Chapter 7 — The Agentic Loop | The Agentic Programming Language

The while loop is the foundation of persistence in programming. Without it, a program executes once and terminates. With it, a program can keep going — iterating on a problem, retrying on failure, waiting for a condition to be met. Correctness requires a well-defined stopping condition — one that will eventually evaluate to False. Without it, the loop runs forever.

The Agentic Loop is the while loop of the reasoning world. An agent executes a cycle: it thinks about what to do, takes an action, observes the result, and decides whether to continue or stop. This cycle — formalized as the ReAct pattern (Reason + Act) — is the dominant execution model in modern agent frameworks.

But where the while loop's stopping condition is a boolean expression — deterministic, evaluable, unambiguous — the agentic loop's stopping condition is a reasoned assessment: has sufficient evidence been gathered to produce a correct answer? This shift from mechanical evaluation to reasoned judgment is both the power and the primary source of failure in agentic loops.

7.1 The ReAct Loop: Reason → Act → Observe

The ReAct pattern formalizes the three-step cycle that characterizes effective agent behavior:

Reason: The agent produces a chain-of-thought reasoning step — considers the current state, the information gathered, what is still missing, and identifies the next action.

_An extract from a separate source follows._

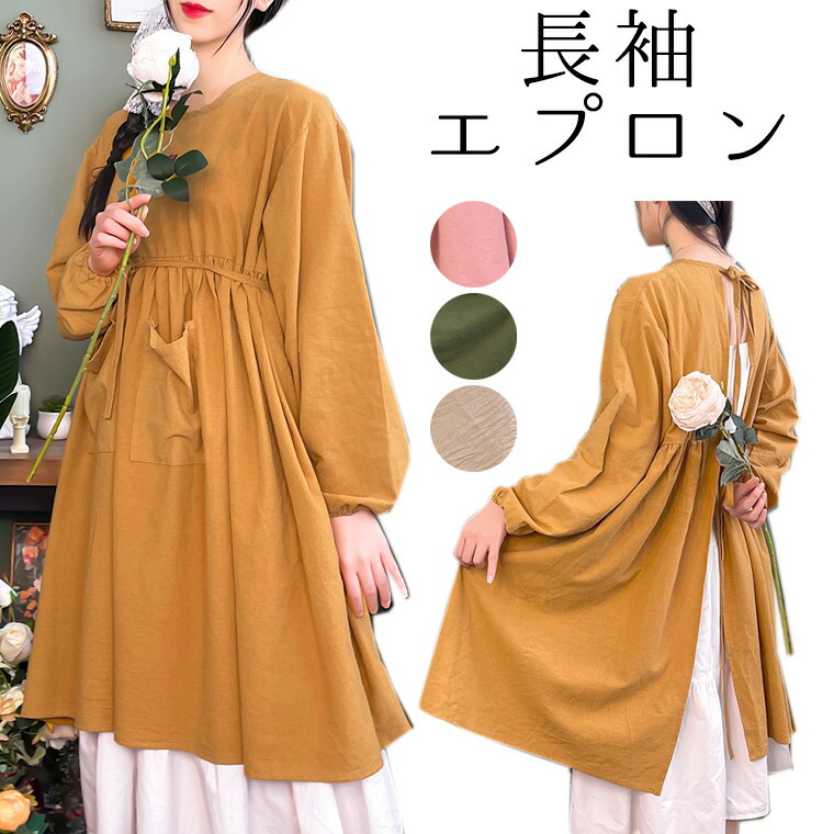 ワンピースのような長袖エプロン 割烹着 ン カフェエプロン 型 ボタン チュニックエプロン ワンピース かぶる ワークエプロン 北欧風 ミドル
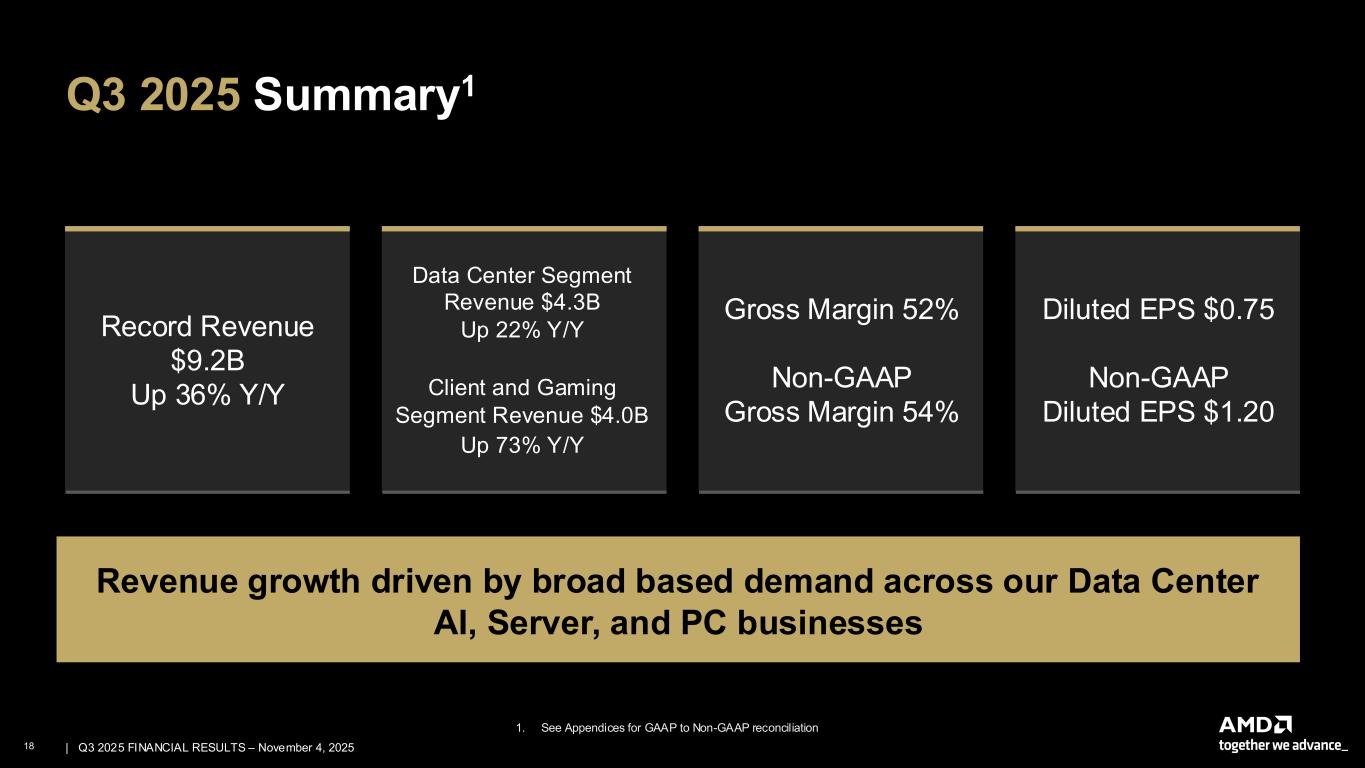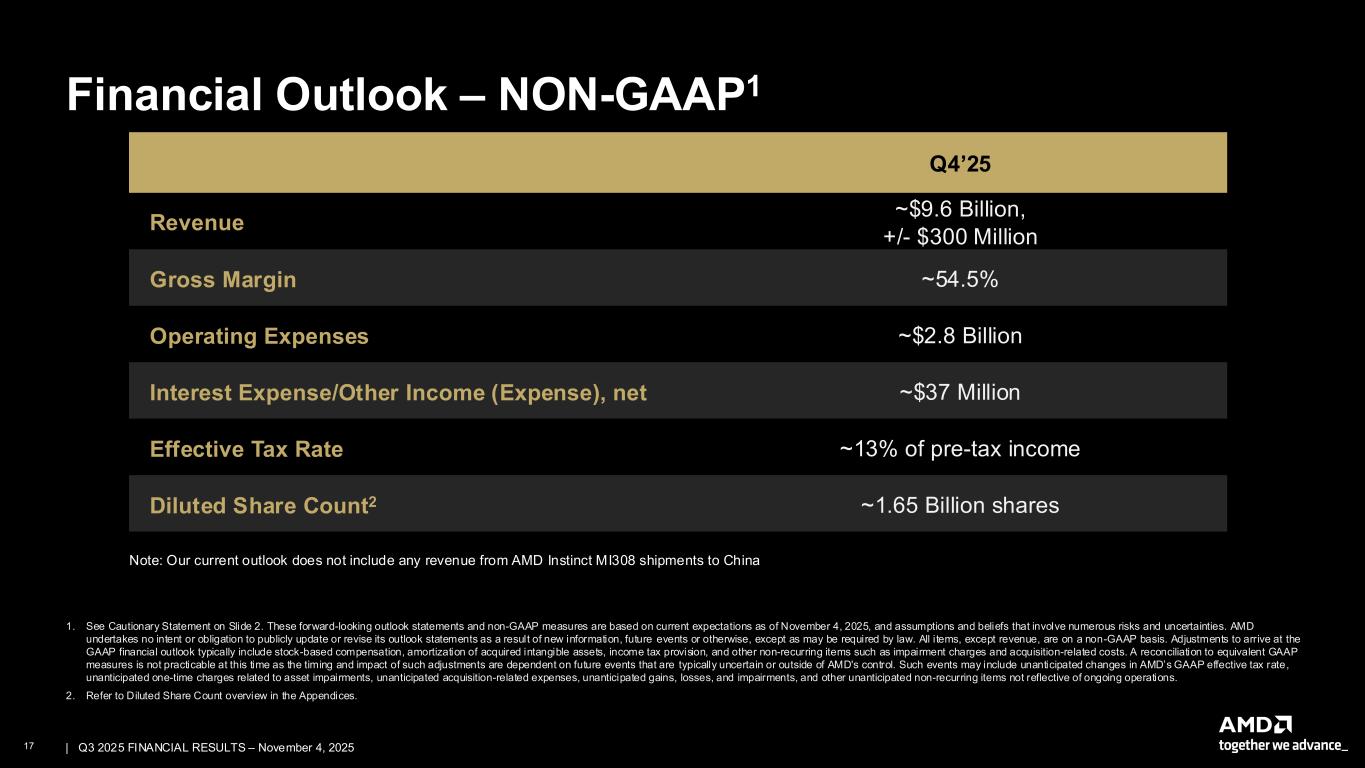 17 | | Q3 2025 FINANCIAL RESULTS – November 4, 2025 Financial Outlook – NON-GAAP1 1. See Cautionary Statement on Slide 2. These forward-looking outlook statements and non-GAAP measures are based on current expectations as of November 4, 2025, and assumptions and beliefs that involve numerous risks and uncertainties. AMD undertakes no intent or obligation to publicly update or revise its outlook statements as a result of new information, future events or otherwise, except as may be required by law. All items, except revenue, are on a non-GAAP basis. Adjustments to arrive at the GAAP financial outlook typically include stock-based compensation, amortization of acquired intangible assets, income tax provision, and other non-recurring items such as impairment charges and acquisition-related costs. A reconciliation to equivalent GAAP measures is not practicable at this time as the timing and impact of such adjustments are dependent on future events that are typically uncertain or outside of AMD's control. Such events may include unanticipated changes in AMD’s GAAP effective tax rate , unanticipated one-time charges related to asset impairments, unanticipated acquisition-related expenses, unanticipated gains, losses, and impairments, and other unanticipated non-recurring items not reflective of ongoing operations. 2. Refer to Diluted Share Count overview in the Appendices. Q4’25 Revenue ~$9.6 Billion, +/- $300 Million Gross Margin ~54.5% Operating Expenses ~$2.8 Billion Interest Expense/Other Income (Expense), net ~$37 Million Effective Tax Rate ~13% of pre-tax income Diluted Share Count2 ~1.65 Billion shares Note: Our current outlook does not include any revenue from AMD Instinct MI308 shipments to China

Act: Based on its reasoning, the agent executes an action — typically a tool call to an external system. Observe: The agent receives the result and incorporates it into its understanding of the task state.

Fig 7.1 — The ReAct Loop: Detailed Execution Cycle

ReAct (Reason + Act) is the canonical agentic loop. The key discipline: the stop condition is a reasoned assessment of whether sufficient evidence has been gathered — not a fixed step count.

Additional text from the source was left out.